▶ _AVAILABLE DATA_
────────────────

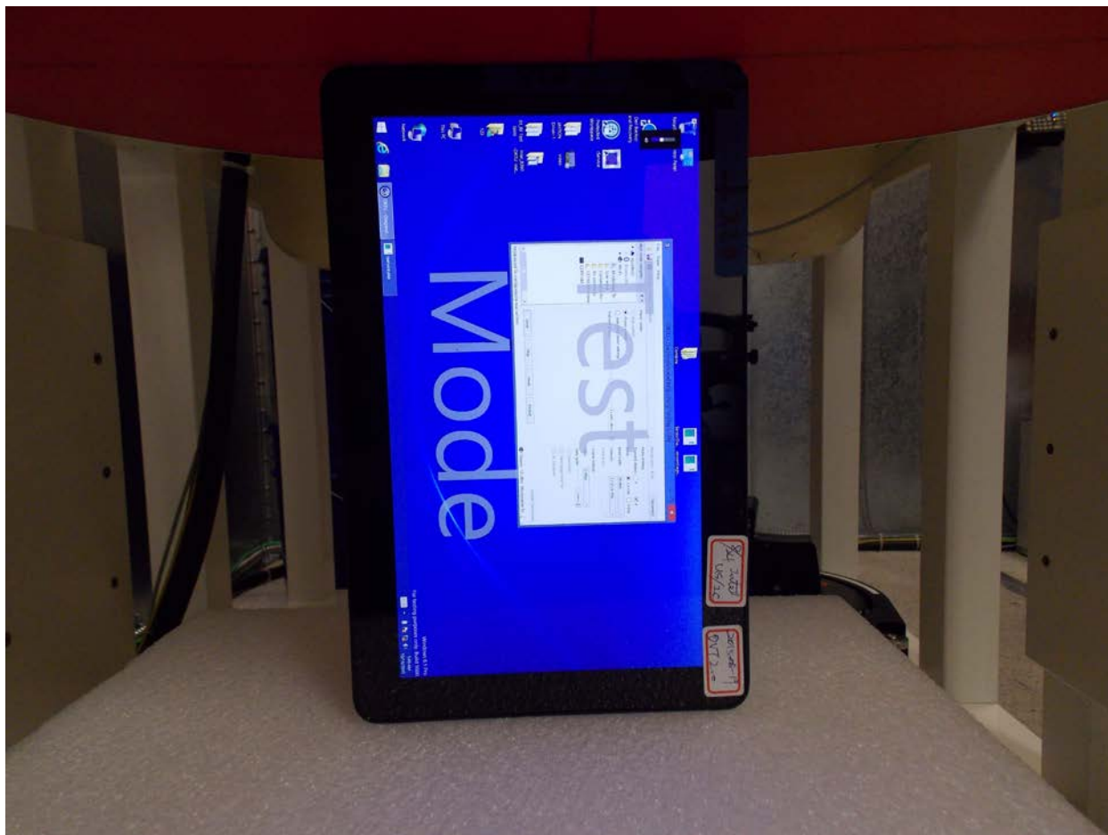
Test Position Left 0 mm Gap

────────────────

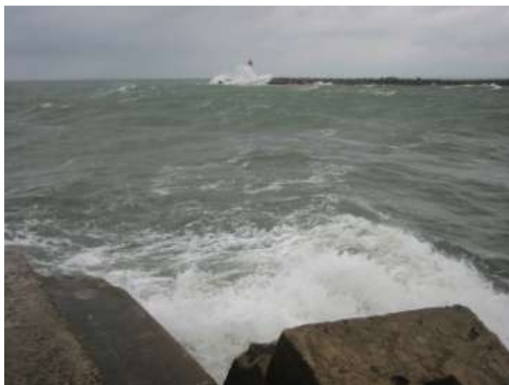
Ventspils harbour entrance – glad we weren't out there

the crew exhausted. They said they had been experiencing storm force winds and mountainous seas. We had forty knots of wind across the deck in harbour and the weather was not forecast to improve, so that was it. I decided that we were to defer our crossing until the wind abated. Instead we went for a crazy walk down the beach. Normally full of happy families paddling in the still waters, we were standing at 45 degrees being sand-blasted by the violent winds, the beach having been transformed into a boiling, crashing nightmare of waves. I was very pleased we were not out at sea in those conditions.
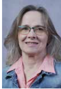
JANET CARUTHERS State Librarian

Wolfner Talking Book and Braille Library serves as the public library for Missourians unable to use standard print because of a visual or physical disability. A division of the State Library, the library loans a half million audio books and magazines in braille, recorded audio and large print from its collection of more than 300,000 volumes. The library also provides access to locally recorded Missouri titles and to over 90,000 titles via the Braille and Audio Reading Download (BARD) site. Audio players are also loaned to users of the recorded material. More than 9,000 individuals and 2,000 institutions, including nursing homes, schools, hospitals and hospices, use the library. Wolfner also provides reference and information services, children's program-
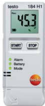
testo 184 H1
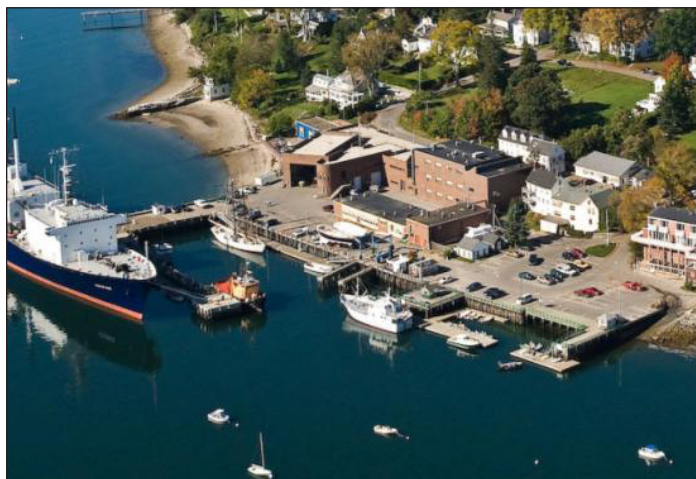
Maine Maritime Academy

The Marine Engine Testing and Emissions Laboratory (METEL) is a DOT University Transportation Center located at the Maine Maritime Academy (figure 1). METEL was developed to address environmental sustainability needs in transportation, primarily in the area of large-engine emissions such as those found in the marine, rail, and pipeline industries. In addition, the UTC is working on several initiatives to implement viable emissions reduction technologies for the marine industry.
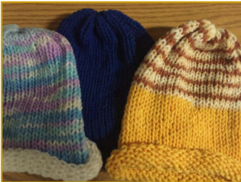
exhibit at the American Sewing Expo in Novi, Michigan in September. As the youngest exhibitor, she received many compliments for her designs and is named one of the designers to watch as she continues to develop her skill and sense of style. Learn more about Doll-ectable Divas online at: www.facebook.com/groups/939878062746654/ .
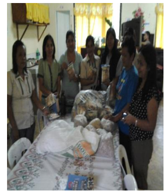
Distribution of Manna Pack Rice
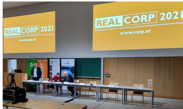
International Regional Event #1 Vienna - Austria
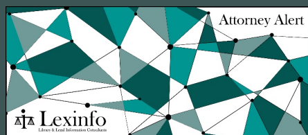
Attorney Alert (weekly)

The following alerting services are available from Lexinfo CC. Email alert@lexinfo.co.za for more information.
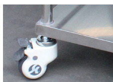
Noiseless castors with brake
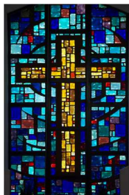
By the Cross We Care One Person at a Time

────────────────

Using the records above, return word for word the lines that begin at the one containing "the crew exhausted." and end at the one containing "The Marine Engine", both of them included and no pictures.

▶ _EXERCISE RESPONSE_
the crew exhausted. They said they had been experiencing storm force winds and mountainous seas. We had forty knots of wind across the deck in harbour and the weather was not forecast to improve, so that was it. I decided that we were to defer our crossing until the wind abated. Instead we went for a crazy walk down the beach. Normally full of happy families paddling in the still waters, we were standing at 45 degrees being sand-blasted by the violent winds, the beach having been transformed into a boiling, crashing nightmare of waves. I was very pleased we were not out at sea in those conditions.
JANET CARUTHERS State Librarian

Wolfner Talking Book and Braille Library serves as the public library for Missourians unable to use standard print because of a visual or physical disability. A division of the State Library, the library loans a half million audio books and magazines in braille, recorded audio and large print from its collection of more than 300,000 volumes. The library also provides access to locally recorded Missouri titles and to over 90,000 titles via the Braille and Audio Reading Download (BARD) site. Audio players are also loaned to users of the recorded material. More than 9,000 individuals and 2,000 institutions, including nursing homes, schools, hospitals and hospices, use the library. Wolfner also provides reference and information services, children's program-
testo 184 H1
Maine Maritime Academy

The Marine Engine Testing and Emissions Laboratory (METEL) is a DOT University Transportation Center located at the Maine Maritime Academy (figure 1). METEL was developed to address environmental sustainability needs in transportation, primarily in the area of large-engine emissions such as those found in the marine, rail, and pipeline industries. In addition, the UTC is working on several initiatives to implement viable emissions reduction technologies for the marine industry.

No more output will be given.